The convener of Holyrood's Economy Committee argued ministers seeing information up to five days before it is made public "enables them to provide a positive slant before anyone else can respond".

Gordon Lindhurst said statistics should be available "on an equal and not a privileged basis".

He said both the Office for National Statistics and Bank of England have abolished the practice and urged the Scottish Government to follow suit for some statistics.

"It puts ministers, whichever party is in power, in a privileged position - that it allows the figures to be framed in a particular way, or even to be spun," Mr Lindhurst said.

Speaking on behalf of the Scottish Government, Kate Forbes claimed PRA did not give ministers an advantage but rather allowed them to respond to new information "with depth and with accuracy".

Mr Lindhurst explained the proposed Bill would remove PRA for retail sales figures and GDP statistics - in line with the rest of the UK - and reduce the time period from five days to one for certain other statistics.

He also cited the Royal Statistical Society's evidence to the committee, which said "Scotland is very much an anomaly relative to almost the whole developed world", in relation to PRA.

Ms Forbes insisted the Scottish Government handles data ethically and "continues to put that principle at the forefront of our work".

She said: "One of the first myths I want to dispel is the idea that pre-release access to, for example GDP statistics, gives Scottish ministers a first-mover advantage.

"There is nothing inappropriate about pre-release access to official statistics. "It is in line with legislation, people receive early access if the person responsible for producing the statistics considers it necessary and legitimate.

"We believe that those in authority, or those with responsibility for a policy area that is of national importance, can talk about the new information with depth and with accuracy when they are asked to do so when those statistics are published."

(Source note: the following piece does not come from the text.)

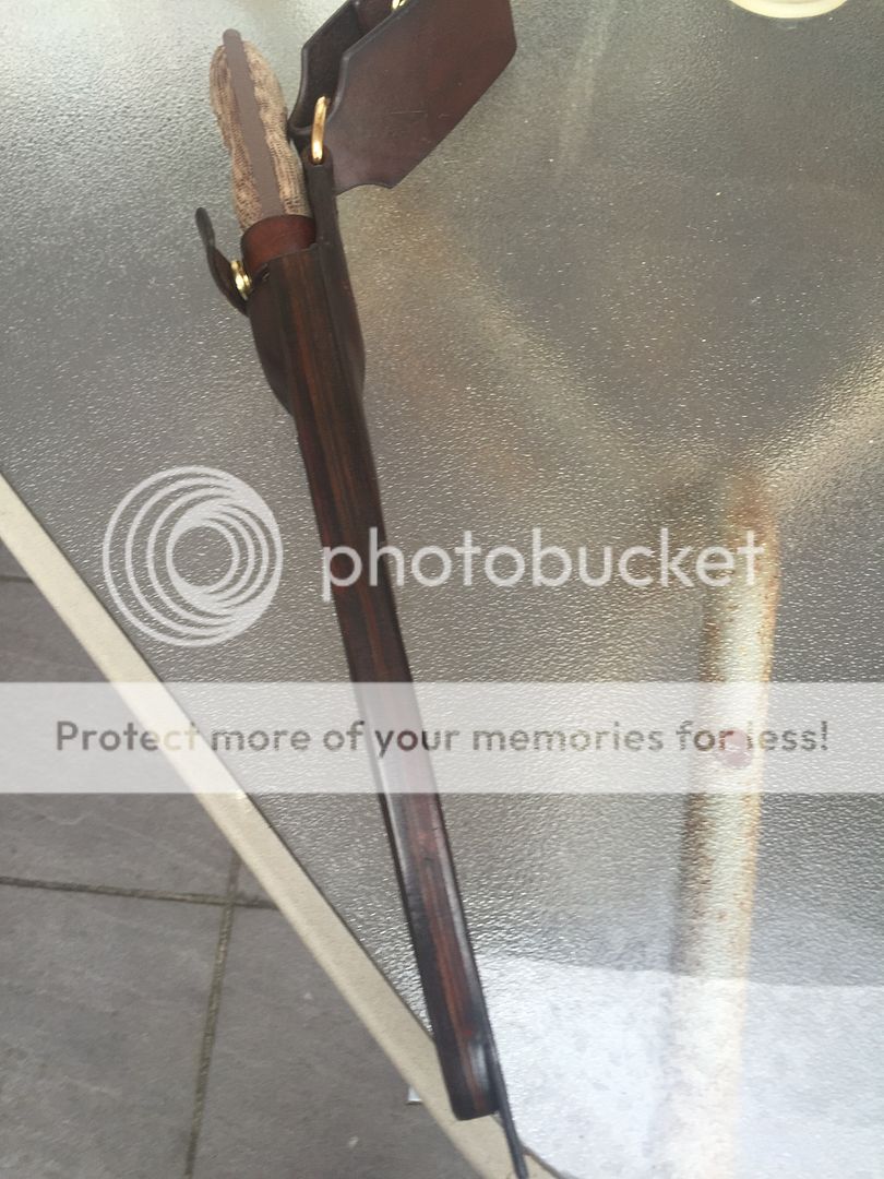 Cane toad inlay. I don't own a sheath with inlay and as far as I recall I've never helod one for longer than 30 seconds.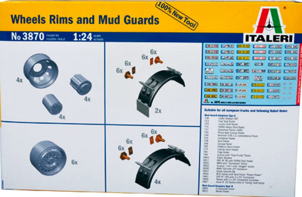 Cet ensemble a été conçu pour moderniser et changer le nombre de semi-lourd dans la ligne Italeri Echelle 1/24. Il comprend une série de six ailes modernes avec des adaptateurs pour les remorques ancien et le nouveau modèle, comme indiqué dans la liste publiée sur le paquet.

Labour MSP Rhoda Grant said her party backed the committee's proposed Bill. "It's clear pre-release access puts the Government in a position to spin the statistics to their best advantage," she said.

"That can cause confusion and undermines trust in the whole system." Green MSP Andy Wightman said successive SNP ministers had "stuck their head in the sand" and refused to deal with the issue.

He added: "The committee's proposal does not even go as far as the recommendations of experts, it doesn't go as far as the committee's recommendations.

"This is such a modest proposal no member, let alone a Government minister, should have any difficulty supporting it if you believe in good governance and transparency."